## [To do]
Only the lines from the start of the data through the one containing "It contains lessons" belong in your answer; return them exactly.

## [Extracted entries]
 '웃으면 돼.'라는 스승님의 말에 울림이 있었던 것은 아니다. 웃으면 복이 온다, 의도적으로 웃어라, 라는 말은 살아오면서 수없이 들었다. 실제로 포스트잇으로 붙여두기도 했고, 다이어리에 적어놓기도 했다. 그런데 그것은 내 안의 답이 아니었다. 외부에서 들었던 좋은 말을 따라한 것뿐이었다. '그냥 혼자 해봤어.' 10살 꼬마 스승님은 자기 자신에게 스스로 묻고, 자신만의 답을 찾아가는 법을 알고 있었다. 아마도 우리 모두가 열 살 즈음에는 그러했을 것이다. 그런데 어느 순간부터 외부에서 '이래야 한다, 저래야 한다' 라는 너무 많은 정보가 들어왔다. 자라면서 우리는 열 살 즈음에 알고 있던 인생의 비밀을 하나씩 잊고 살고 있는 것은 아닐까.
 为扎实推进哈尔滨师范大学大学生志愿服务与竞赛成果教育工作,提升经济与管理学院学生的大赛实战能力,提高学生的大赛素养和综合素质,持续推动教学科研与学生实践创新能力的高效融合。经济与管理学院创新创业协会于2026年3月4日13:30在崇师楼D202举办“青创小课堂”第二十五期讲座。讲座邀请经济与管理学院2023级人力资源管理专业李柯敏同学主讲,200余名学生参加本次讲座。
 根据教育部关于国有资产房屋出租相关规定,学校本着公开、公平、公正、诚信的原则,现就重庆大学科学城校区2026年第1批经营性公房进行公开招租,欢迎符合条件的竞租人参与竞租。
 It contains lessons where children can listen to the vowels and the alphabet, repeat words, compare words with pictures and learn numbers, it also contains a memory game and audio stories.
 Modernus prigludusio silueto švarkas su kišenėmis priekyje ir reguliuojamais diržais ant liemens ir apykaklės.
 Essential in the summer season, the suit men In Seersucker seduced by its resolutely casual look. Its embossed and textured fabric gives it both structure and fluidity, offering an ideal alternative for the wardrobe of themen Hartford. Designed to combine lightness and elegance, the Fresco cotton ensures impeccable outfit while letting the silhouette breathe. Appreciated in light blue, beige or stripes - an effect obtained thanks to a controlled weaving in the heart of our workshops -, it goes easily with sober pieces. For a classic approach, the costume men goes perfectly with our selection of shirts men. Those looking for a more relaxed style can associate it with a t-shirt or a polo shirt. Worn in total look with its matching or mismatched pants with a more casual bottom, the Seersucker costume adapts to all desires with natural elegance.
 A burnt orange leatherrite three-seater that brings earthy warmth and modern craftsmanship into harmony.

## [Exercise output]
 '웃으면 돼.'라는 스승님의 말에 울림이 있었던 것은 아니다. 웃으면 복이 온다, 의도적으로 웃어라, 라는 말은 살아오면서 수없이 들었다. 실제로 포스트잇으로 붙여두기도 했고, 다이어리에 적어놓기도 했다. 그런데 그것은 내 안의 답이 아니었다. 외부에서 들었던 좋은 말을 따라한 것뿐이었다. '그냥 혼자 해봤어.' 10살 꼬마 스승님은 자기 자신에게 스스로 묻고, 자신만의 답을 찾아가는 법을 알고 있었다. 아마도 우리 모두가 열 살 즈음에는 그러했을 것이다. 그런데 어느 순간부터 외부에서 '이래야 한다, 저래야 한다' 라는 너무 많은 정보가 들어왔다. 자라면서 우리는 열 살 즈음에 알고 있던 인생의 비밀을 하나씩 잊고 살고 있는 것은 아닐까.
 为扎实推进哈尔滨师范大学大学生志愿服务与竞赛成果教育工作,提升经济与管理学院学生的大赛实战能力,提高学生的大赛素养和综合素质,持续推动教学科研与学生实践创新能力的高效融合。经济与管理学院创新创业协会于2026年3月4日13:30在崇师楼D202举办“青创小课堂”第二十五期讲座。讲座邀请经济与管理学院2023级人力资源管理专业李柯敏同学主讲,200余名学生参加本次讲座。
 根据教育部关于国有资产房屋出租相关规定,学校本着公开、公平、公正、诚信的原则,现就重庆大学科学城校区2026年第1批经营性公房进行公开招租,欢迎符合条件的竞租人参与竞租。
 It contains lessons where children can listen to the vowels and the alphabet, repeat words, compare words with pictures and learn numbers, it also contains a memory game and audio stories.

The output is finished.